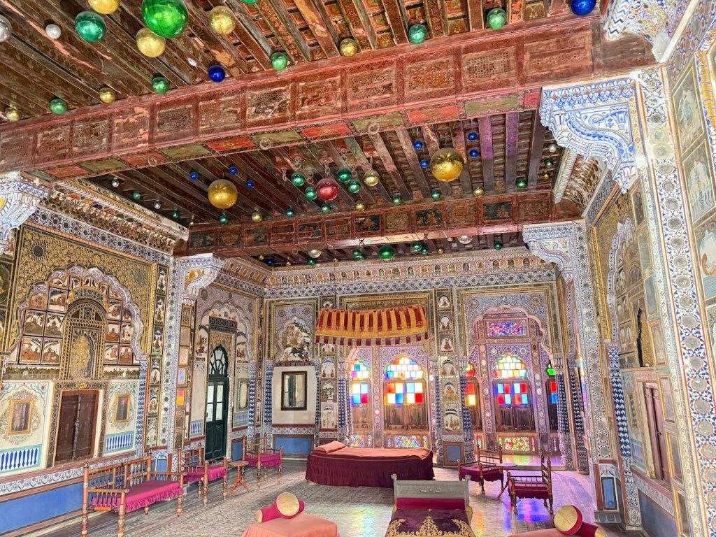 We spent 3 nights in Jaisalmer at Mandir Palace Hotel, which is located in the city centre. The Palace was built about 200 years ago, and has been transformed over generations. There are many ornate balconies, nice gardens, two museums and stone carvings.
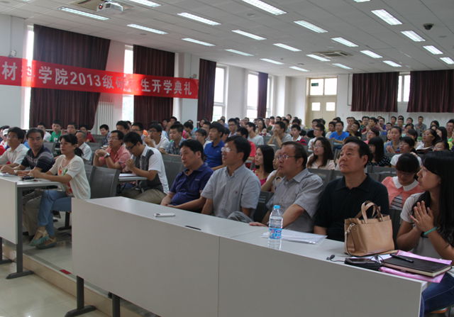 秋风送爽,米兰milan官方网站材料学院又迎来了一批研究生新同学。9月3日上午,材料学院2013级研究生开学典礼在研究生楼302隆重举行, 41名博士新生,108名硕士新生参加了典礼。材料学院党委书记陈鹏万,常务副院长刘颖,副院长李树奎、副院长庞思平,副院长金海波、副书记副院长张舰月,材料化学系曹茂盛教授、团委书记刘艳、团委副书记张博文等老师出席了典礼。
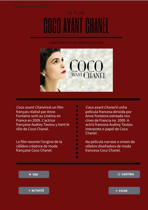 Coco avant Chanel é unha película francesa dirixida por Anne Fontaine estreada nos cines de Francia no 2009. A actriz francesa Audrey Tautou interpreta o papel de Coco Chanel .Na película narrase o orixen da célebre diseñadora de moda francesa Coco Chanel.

★ ★ ★ ★ ★

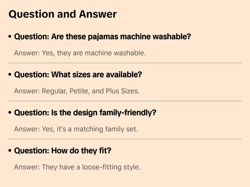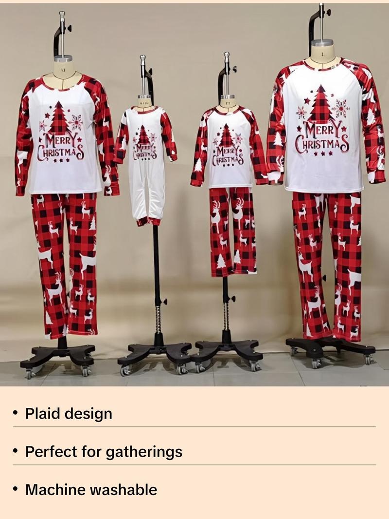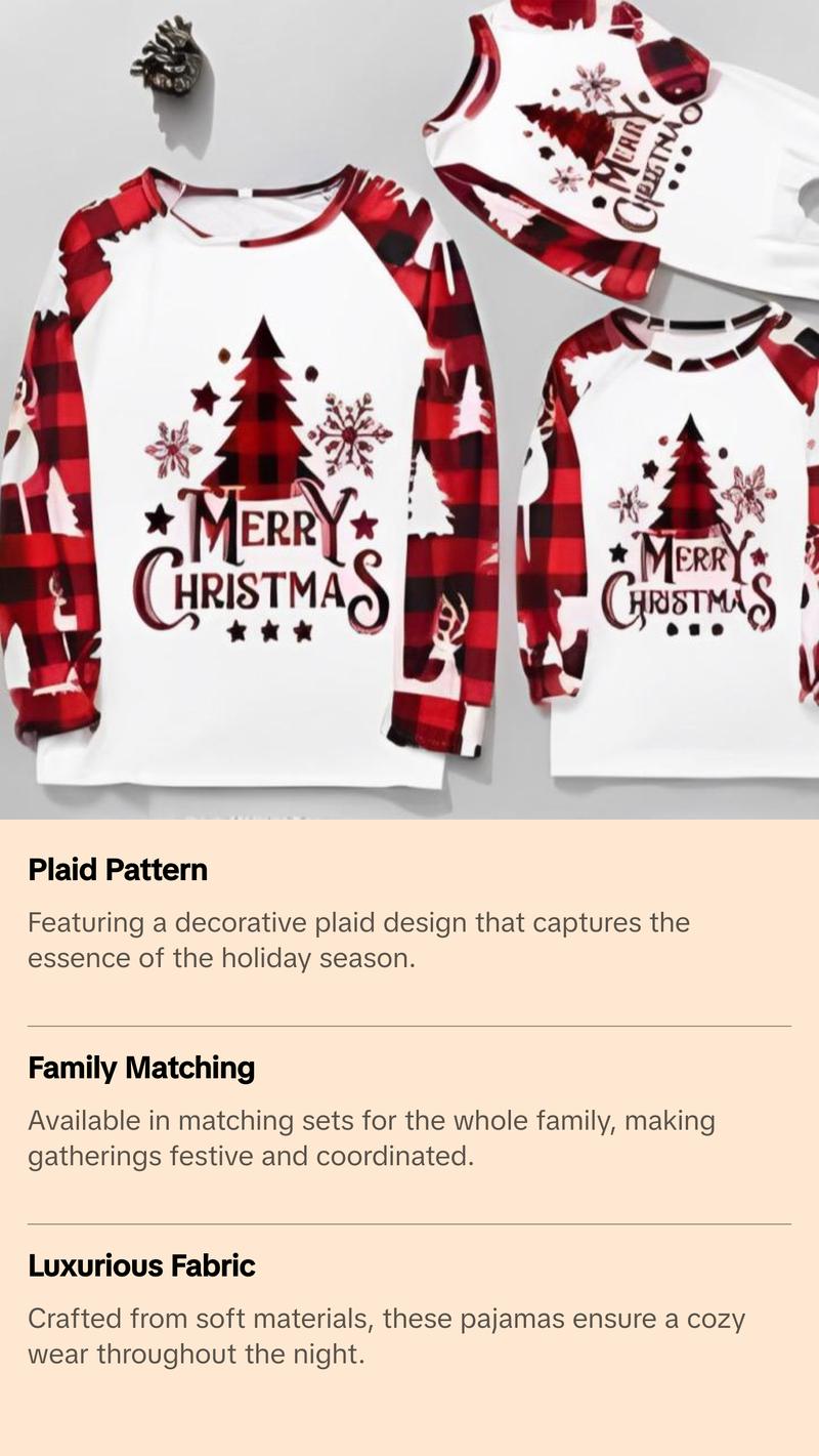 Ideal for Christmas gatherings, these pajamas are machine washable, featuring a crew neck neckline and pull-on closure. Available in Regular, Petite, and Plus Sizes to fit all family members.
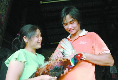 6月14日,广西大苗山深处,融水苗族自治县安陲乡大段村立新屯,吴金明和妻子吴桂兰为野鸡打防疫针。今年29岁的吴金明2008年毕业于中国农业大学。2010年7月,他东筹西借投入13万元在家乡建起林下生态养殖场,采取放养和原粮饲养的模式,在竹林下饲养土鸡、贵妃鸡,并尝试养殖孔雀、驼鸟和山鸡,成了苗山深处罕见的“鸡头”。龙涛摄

★ ★ ★ ★ ★

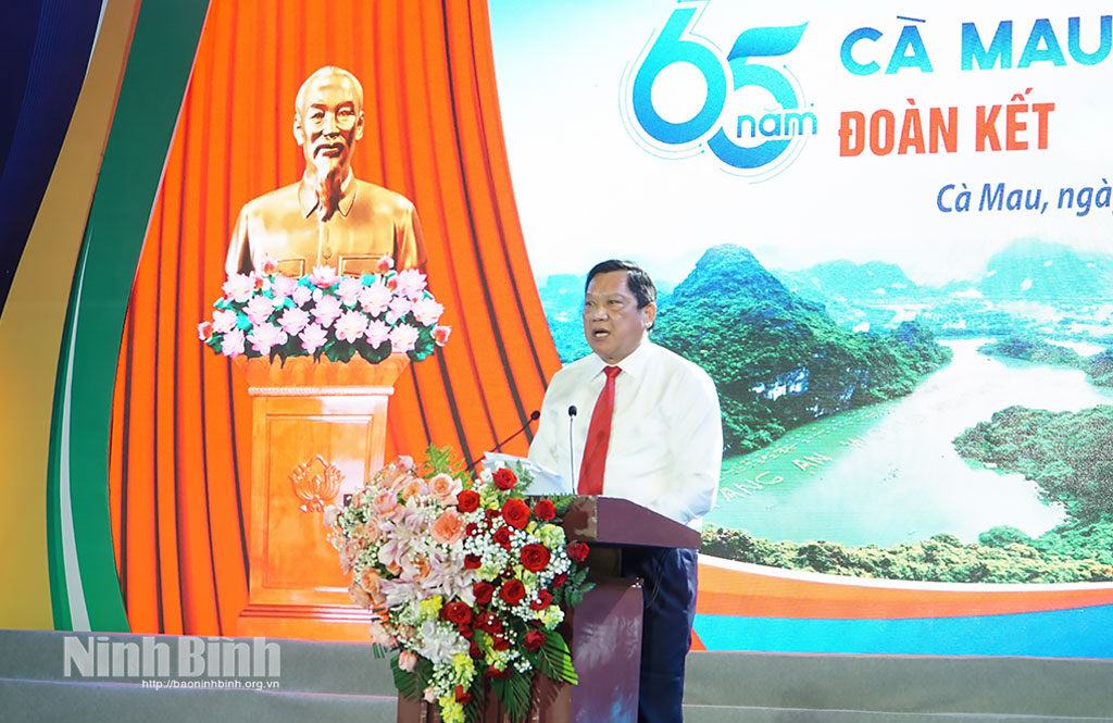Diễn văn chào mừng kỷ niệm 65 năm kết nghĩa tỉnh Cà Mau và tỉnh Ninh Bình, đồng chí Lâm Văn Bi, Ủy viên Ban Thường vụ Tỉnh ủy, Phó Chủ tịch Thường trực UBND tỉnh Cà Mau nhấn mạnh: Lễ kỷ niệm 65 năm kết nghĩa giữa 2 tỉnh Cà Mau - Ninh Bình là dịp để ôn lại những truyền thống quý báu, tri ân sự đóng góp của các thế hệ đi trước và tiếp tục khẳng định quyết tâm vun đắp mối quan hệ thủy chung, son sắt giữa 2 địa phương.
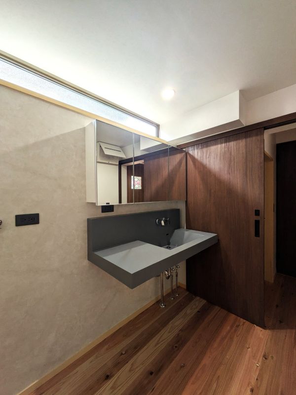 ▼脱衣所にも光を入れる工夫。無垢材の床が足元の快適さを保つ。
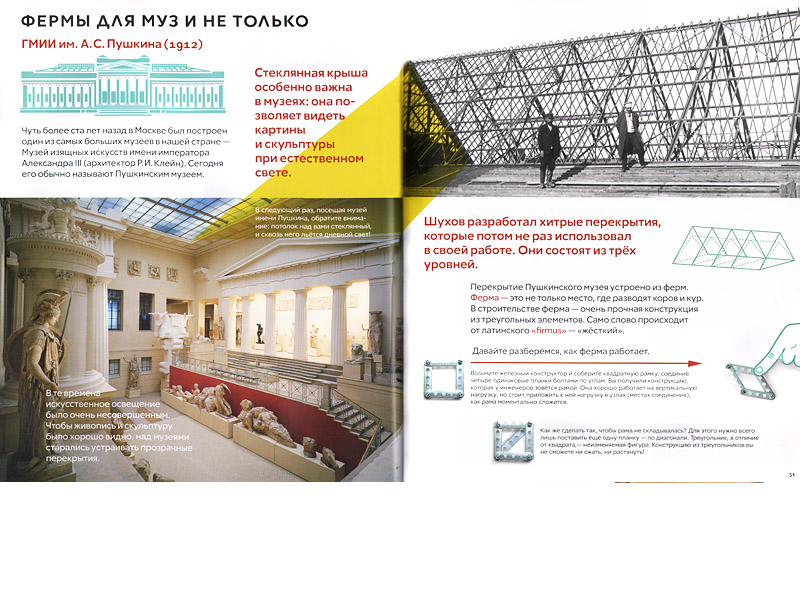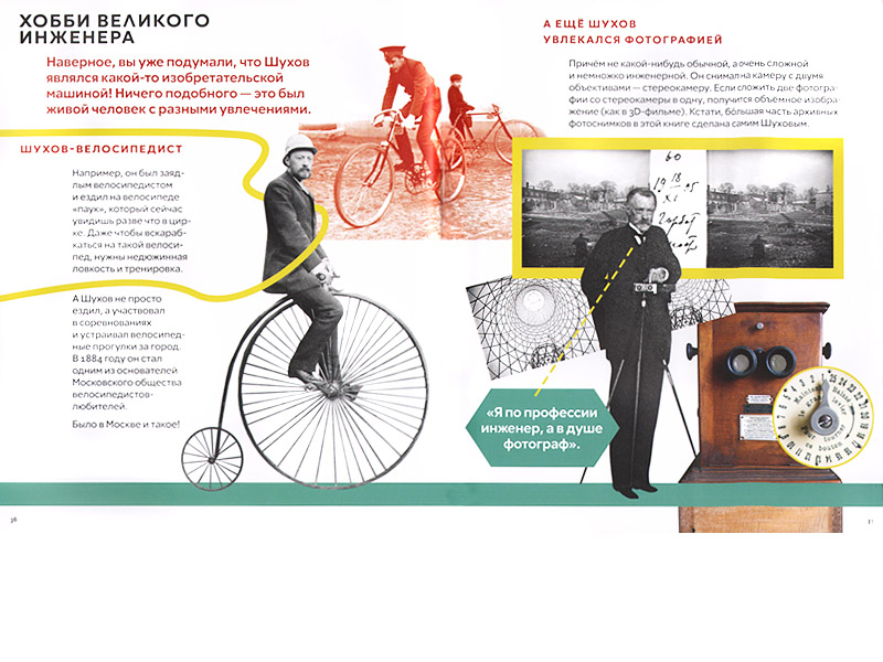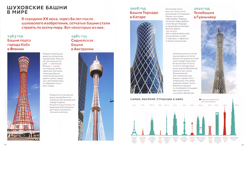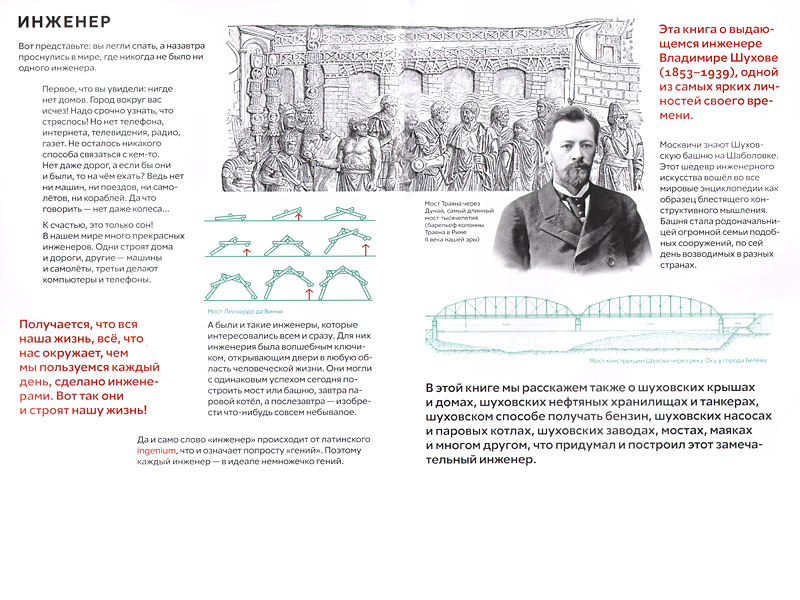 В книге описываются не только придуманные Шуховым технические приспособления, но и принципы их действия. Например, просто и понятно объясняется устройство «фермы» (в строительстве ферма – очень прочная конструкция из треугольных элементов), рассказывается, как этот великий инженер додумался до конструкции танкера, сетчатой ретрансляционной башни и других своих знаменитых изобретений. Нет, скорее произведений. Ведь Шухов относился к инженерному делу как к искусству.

★ ★ ★ ★ ★

WHAT IS NEEDED: An exact copy is needed of the entries above, starting at the line that holds "We spent 3 nights" and stopping at the line that holds "Coco avant Chanel", both kept; pictures stay out.

RESULT OF THE EXERCISE:
 We spent 3 nights in Jaisalmer at Mandir Palace Hotel, which is located in the city centre. The Palace was built about 200 years ago, and has been transformed over generations. There are many ornate balconies, nice gardens, two museums and stone carvings.
 秋风送爽,米兰milan官方网站材料学院又迎来了一批研究生新同学。9月3日上午,材料学院2013级研究生开学典礼在研究生楼302隆重举行, 41名博士新生,108名硕士新生参加了典礼。材料学院党委书记陈鹏万,常务副院长刘颖,副院长李树奎、副院长庞思平,副院长金海波、副书记副院长张舰月,材料化学系曹茂盛教授、团委书记刘艳、团委副书记张博文等老师出席了典礼。
 Coco avant Chanel é unha película francesa dirixida por Anne Fontaine estreada nos cines de Francia no 2009. A actriz francesa Audrey Tautou interpreta o papel de Coco Chanel .Na película narrase o orixen da célebre diseñadora de moda francesa Coco Chanel.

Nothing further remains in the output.